From the Editor: June 2005
Britain’s hardest-hitting motorboat magazine
When you’re blessed with the quick reactions, steady nerve and unshakable conviction that make you a six-time World Champion in one of the world’s most extreme sports, you’re not easily taken aback. But we almost managed to rattle Britain’s offshore powerboat racing legend Steve Curtis this month.
There he was, turning up in Hamble to test our pick of the best 35ft-37ft sportscruiser hulls on the market, gagging to be let loose on the Windys and Fairlines of this world and compare their handling, seakeeping, manoeuvrability and cornering…and one of the boats sitting patiently on the pontoons stuck out like Handy Andy at a debutantes’ ball.
With no plush sunloungers, no electric sunroof, no stylishly raked radar arch, a windscreen that’s swept forward rather than back, and a curious little upper helm perching precariously above a utilitarian wheelhouse, surely the Botnia Targa 35 wasn’t one of the chosen few? You could sense what Steve was thinking: that we’d dialled the wrong boatyard when we were asking to borrow a Targa.

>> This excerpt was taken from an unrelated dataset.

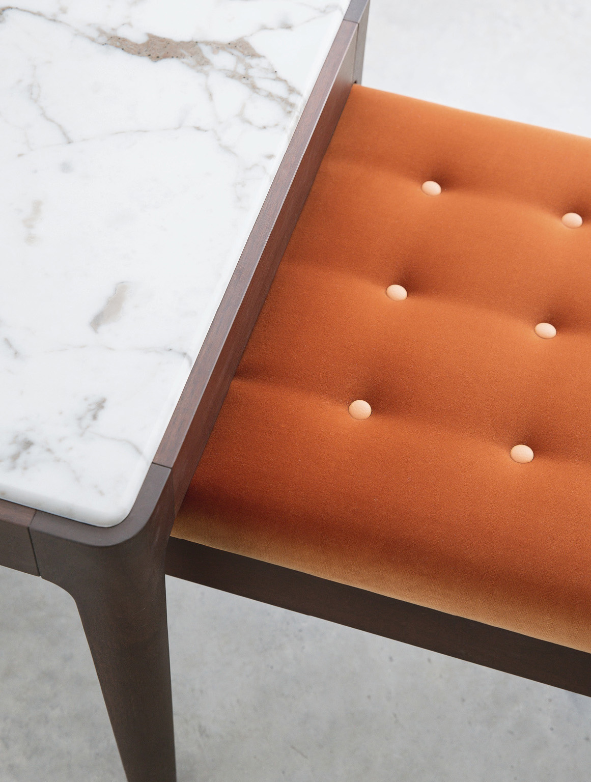 Банкетка Porada Webby в классическом стиле станет элегантным дополнением гостиной или спальной зоны. Длинные ножки предмета мебели выполнены из экологически чистой древесины, собираемой в собственном лесу фабрики Porada. Банкетка украшена объёмными швами и круглыми пуговицами, которые могут иметь как однотонный, так и контрастный оттенок.
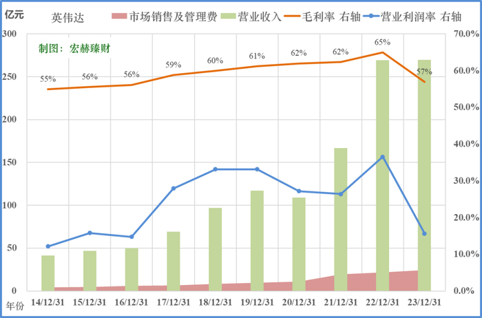 观察市场、销售和管理费用和营收的柱图对比;观察毛利率、营业利润率的绝对值和趋势。

But we hadn’t. To read the full story of one of the most revealing tests we have ever done, you’ll have to turn to page 26, but suffice it to say that the flying Finn more than held its own — in company that included the promised contenders from Windy and Fairline, plus a modern-day Fairey and the reigning MBM Sportscruiser Of The Year.
We never expected anything less, actually. At Motor Boats Monthly, we have always believed in championing substance over style.